An overlooked advantage of these sorts of taxes is that I can control to a certain extent how much I get taxed, and how much of a consumptive impact my life makes on people around me. To a certain extent, my effective personal tax rate becomes inversely proportional to my time preference. I can give myself a bit of a tax cut every time I put Mr. Greed back on his leash and choose to defer personal consumption.

Sales taxes ultimately reward those who are willing to live more simply and put a surcharge on people who just have to have it all and wallow in consumptive behavior. I’m enough of an opponent of Keynesian Aggregate Demand Theory so that I fail to see why this is bad exactly. If you, like I thought Cash for Clunkers was Econumix for Maroons then this tax strategy could be seen as the opposite.

We’ll see if this serious or just 9-9-9 Redux.
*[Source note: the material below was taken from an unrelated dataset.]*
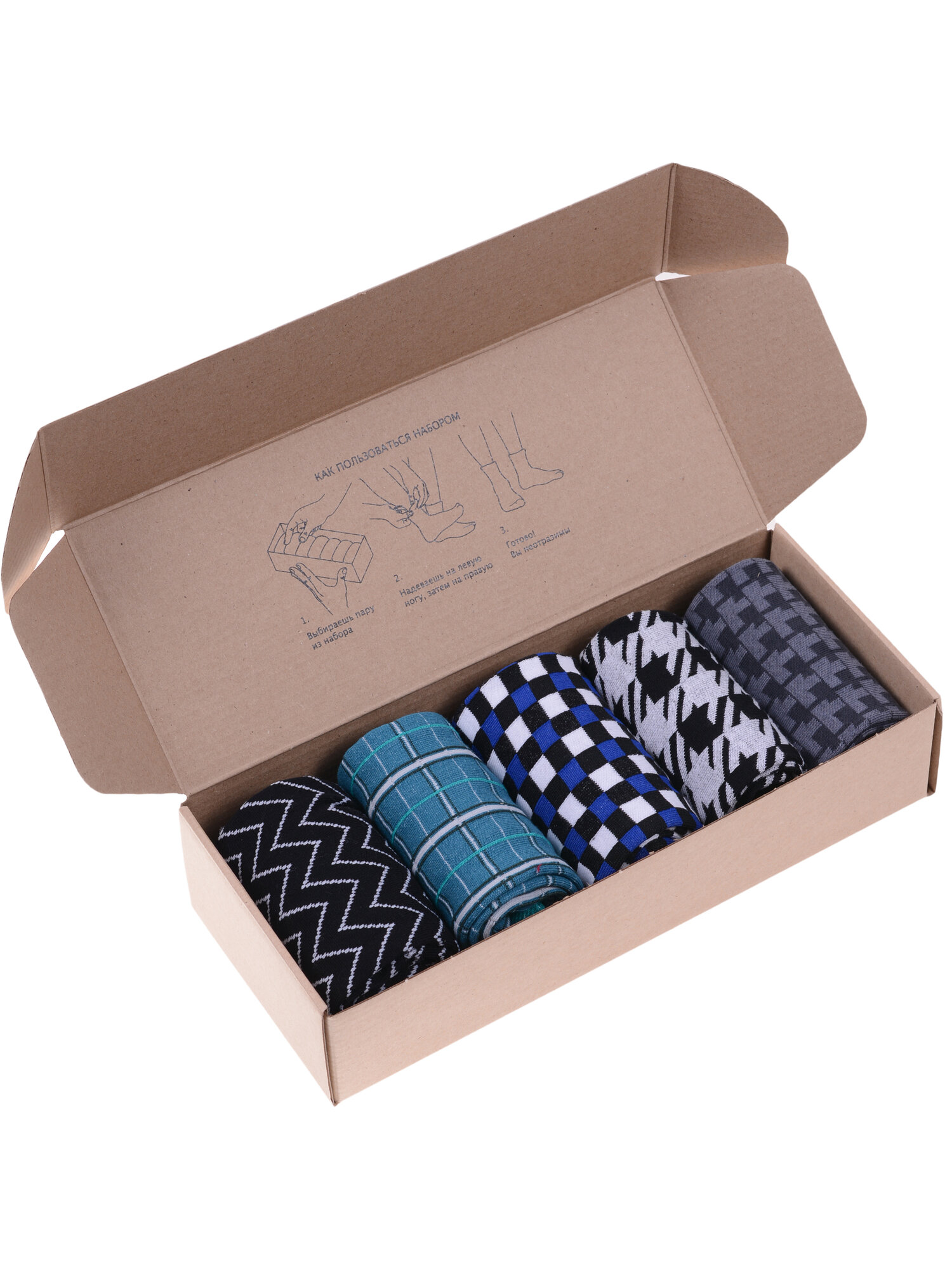 Носки MSCLUB, комплект, 5 пар, размер 27 (41-43), голубой, зеленый, синий, коричневый 1 607 ₽

We’ve got a nice, toasty debate and the primary season to sort out just how thoroughly Rand Paul has thought all of this out and is willing to invest in it. I’m at a point where I think it is good, despite not being perfect. I can trade a few a Hershey Bars and Cokes in return for putting the IRS back on a leash. VATs are obnoxious, but I’m willing to give up luxuries if we really have a strategy here to limit the extent to which the USG can use its regulatory codes to inflict tyranny and act out political vendettas.